Я сижу на высоком стуле в обеденной зоне на первом этаже и нервно гоняю стакан с водой по поверхности столешницы. Слежу за мельтешащей подругой и пытаюсь унять оголтелое сердцебиение.
— Я орала вслед твоим сверкающим пяткам, но ты…
— Я не про это, — перебиваю ее. Моя агрессия пугает меня саму, потому что я тот человек, который разговаривает с цветами и за мир во всем мире. — Почему ты мне не рассказывала, что у твоего брата есть девушка?
То, что я не дослушала Соню и влетела без стука в комнату Степана — мой косяк, осознаю.
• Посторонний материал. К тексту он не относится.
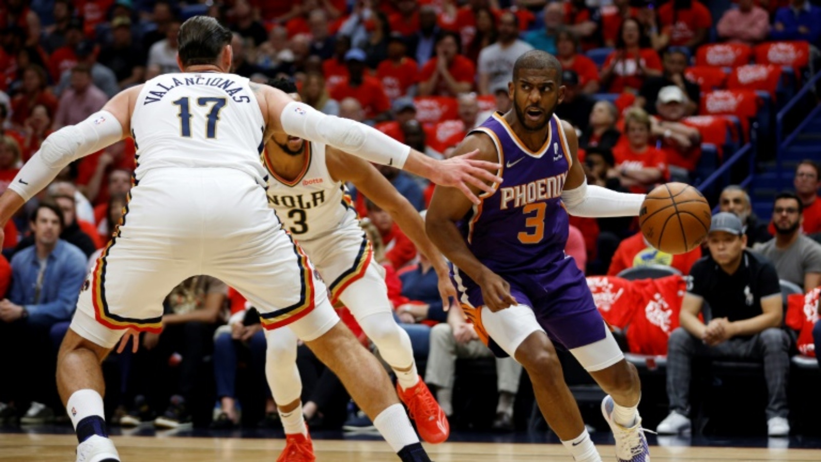 لوس أنجليس: حقّق صانع الألعاب كريس بول نسبة تسديد مثالية ليقود فينيكس صنز لحسم السلسلة أمام نيو أورليانز بيليكانز ويبلغ نصف نهائي المنطقة الغربية في دوري كرة السلة الاميركي للمحترفين، لملاقاة دالاس مافريكس الذي أنهى مهمته ضد يوتا جاز بصعوبة، فيما حجز أيضًا فيلادلفيا سفنتي سيكسرز مقعده في نصف نهائي الشرقية على حساب تورونتو رابتورز الخميس.

Не знаю, на что я рассчитывала, врываясь к взрослому парню, которого не видела шесть лет. Это раньше не было проблемой, и в этом доме я была как родная: мы бегали из комнаты в комнату без преград, но это было в детстве, а сейчас никто из нас давно ни ребенок, но только я, видимо, живу прошлыми пережитками.
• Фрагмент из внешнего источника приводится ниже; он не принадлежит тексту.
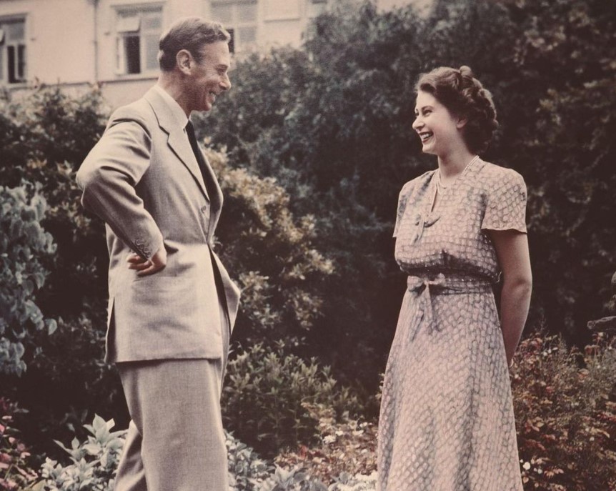 La reina Isabel II con su padre en 1946.

— Я сама узнала об этом меньше часа назад! — фыркает Софи. — Представь, я открываю дверь, а на пороге торчит мой брат, который должен приехать за день до свадьбы, с незнакомкой, которую он представил как свою девушку. Когда мы с ним разговаривали о том, что он приедет не один … — Соня задумывается, попутно выкладывая на стол блюдца с нарезанными сыром и ветчиной, — а это было чуть больше недели назад, Стёпа ничего не говорил.
Это действительно странно, с учетом того, что месяц назад родители Стёпы и Сони ездили в Тель-Авив на вручение диплома и после возвращения не заикались о том, что в Израиле у их сына появилась возлюбленная.
Черт! Я чувствую себя неловко за свое поведение. Но я… я просто хотела поскорее его увидеть. Мы не виделись шесть лет. После окончания одиннадцатого класса Степан уехал в Израиль и поступил на медицинский. Об этом я знаю точно. Во-первых, он все детство трезвонил о том, что пойдет по стопам деда и его брата-близнеца. Во-вторых, Сонька на протяжении шести лет была моим основным осведомителем, потому что странички в соцсетях у Степки нет (я искала его, да), а в Россию друг приезжал на каникулы всего несколько раз, и в это время, по удивительной случайности, в городе отсутствовала я. Месяц назад Стёпа окончил Тель-Авивский университет и, как рассказывала тетя Агата, по израильским правилам, выпускники после получения диплома должны пройти обязательную годовую стажировку, поэтому Стёпа остался решать вопросы по практике, а приехать на свадьбу сестры планировал точно к её дню.
— Понятно. — Делаю глоток воды, смачивая пересохший рот.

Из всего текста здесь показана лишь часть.